Draymond Green pointed to the racist undertones of the fan-player dynamic when discussing an Oklahoma City heckler.
Now, the Warriors forward is pointing out the racist undertones of the owner-player dynamic. His example: James Dolan-Charles Oakley.
Oakley played several years for the Knicks while the Dolan family owned the team. Oakley was an enforcer who brought immense physicality to the game — helping New York win. Eventually, the Knicks traded him, his contract expired, and he moved on into retirement.
Since, Oakley has publicly criticized Dolan, leading up to Oakley’s violent ejection from Madison Square Garden last week. Dolan and the Knicks responded with a series of statements Oakley said hurt him deeply.
Green, via Marcus Thompson II of The Mercury News:
“You doing it for me, It’s all good,” Green said. “You doing it against me … you speaking out against my organization, it’s not good anymore? That’s a slave mentality. A slave master mentality. That’s ridiculous. It was all fine and dandy when he was laying people out, taking fines and all this stuff for your organization. But now all of a sudden when he says something that he feels, it’s a problem.”
This is not calling Dolan racist.
This is a comment within a reality: Nearly all NBA owners are white, and most NBA players are black.
Of course players are highly paid. Nobody is comparing their wages to slaves’. It’s Dolan’s mentality that Green is exploring.

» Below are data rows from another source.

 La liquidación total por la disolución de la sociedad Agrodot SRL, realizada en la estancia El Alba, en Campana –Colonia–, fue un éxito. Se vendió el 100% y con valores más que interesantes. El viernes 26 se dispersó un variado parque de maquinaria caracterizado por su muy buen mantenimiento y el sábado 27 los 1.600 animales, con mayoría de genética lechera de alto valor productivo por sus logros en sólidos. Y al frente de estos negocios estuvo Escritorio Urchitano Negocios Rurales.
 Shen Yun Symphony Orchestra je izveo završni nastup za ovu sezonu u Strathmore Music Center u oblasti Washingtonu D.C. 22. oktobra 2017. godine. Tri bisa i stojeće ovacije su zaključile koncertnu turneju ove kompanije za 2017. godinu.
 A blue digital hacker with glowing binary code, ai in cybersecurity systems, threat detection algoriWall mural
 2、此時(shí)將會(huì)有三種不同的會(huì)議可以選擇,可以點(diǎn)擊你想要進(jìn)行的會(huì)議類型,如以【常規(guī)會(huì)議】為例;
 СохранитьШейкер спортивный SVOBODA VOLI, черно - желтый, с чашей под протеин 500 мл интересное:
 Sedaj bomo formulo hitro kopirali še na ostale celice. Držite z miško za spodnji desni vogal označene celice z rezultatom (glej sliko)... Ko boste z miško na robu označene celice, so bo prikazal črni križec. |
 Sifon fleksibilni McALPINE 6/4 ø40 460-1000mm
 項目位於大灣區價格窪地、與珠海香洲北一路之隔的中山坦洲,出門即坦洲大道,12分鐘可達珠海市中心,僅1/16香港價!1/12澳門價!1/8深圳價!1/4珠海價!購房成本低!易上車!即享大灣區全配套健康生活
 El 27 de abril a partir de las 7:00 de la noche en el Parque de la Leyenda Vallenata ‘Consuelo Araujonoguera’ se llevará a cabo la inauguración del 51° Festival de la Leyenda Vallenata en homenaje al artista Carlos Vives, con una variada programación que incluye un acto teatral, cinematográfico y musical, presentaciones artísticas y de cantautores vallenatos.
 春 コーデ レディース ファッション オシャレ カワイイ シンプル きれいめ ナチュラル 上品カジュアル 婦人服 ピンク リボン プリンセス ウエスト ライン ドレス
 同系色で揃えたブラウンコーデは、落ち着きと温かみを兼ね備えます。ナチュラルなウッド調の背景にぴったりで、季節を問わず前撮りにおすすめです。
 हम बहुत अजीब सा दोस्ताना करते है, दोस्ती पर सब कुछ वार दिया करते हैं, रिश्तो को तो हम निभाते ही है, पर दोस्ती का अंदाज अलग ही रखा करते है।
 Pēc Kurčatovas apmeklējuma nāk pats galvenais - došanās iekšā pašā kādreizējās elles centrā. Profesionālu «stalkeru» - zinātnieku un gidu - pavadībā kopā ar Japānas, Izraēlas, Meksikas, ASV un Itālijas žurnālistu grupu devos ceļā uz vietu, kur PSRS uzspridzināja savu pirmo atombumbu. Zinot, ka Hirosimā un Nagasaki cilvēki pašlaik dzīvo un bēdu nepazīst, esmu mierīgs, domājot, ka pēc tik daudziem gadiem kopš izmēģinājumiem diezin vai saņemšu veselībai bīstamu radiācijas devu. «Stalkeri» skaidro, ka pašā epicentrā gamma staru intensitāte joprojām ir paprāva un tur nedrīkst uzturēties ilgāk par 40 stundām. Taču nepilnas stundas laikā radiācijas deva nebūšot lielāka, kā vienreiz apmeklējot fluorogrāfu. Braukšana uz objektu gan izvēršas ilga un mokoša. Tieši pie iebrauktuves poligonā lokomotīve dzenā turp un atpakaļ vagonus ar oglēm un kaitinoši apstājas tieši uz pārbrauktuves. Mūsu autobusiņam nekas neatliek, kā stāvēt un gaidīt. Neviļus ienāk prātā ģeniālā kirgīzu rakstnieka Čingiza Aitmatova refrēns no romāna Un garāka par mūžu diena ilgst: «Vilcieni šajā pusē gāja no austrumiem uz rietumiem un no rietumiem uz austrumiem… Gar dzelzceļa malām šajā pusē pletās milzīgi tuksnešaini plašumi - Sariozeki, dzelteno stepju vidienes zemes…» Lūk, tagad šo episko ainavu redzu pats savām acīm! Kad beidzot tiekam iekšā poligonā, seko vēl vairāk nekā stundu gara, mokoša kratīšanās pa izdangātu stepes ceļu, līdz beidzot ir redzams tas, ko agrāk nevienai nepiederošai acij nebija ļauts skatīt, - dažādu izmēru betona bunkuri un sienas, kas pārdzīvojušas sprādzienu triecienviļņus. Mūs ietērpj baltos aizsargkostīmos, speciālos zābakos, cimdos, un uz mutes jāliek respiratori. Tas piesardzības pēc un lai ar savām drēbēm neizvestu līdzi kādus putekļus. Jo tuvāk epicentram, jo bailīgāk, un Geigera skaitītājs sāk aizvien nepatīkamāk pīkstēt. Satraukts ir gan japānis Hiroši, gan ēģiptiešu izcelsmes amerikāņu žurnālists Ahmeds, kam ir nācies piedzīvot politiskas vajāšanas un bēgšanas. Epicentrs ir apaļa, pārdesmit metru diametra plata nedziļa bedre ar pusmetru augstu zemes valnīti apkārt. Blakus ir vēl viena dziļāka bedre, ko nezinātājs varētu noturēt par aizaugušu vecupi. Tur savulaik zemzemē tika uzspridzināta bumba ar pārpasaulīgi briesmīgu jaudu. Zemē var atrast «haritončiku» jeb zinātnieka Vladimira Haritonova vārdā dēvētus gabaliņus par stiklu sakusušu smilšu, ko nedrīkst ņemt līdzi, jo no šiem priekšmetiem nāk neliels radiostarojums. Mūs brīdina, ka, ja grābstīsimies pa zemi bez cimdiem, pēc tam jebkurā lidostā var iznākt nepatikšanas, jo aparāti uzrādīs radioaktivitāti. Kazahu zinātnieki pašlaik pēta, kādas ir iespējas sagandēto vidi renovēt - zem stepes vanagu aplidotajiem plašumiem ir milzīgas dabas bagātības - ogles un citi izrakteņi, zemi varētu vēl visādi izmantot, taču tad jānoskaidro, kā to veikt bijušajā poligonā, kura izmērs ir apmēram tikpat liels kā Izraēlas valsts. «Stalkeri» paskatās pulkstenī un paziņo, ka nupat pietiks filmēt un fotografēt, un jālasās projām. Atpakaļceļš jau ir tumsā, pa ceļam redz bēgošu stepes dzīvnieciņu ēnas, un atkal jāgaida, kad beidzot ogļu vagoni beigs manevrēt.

Oakley stopped working for the Knicks nearly two decades ago. But Dolan still attempts to control Oakley through vindictive statements. In Oakley’s telling, Dolan went even further by having Oakley ejected for no just reason. (Dolan said Oakley was belligerent, causing the ejection.) Either way, there appears to be no real compassion for someone whose forcefulness helped make Dolan money. The Knicks got what they could from Oakley, and now that’s he’s not spouting the company line, they disparage him
Dolan doesn’t have to like Oakley’s criticism of him. But at a certain point, Dolan should also realizes how his harsh jabs at a former former employee — who excelled at the job — fit into the greater context.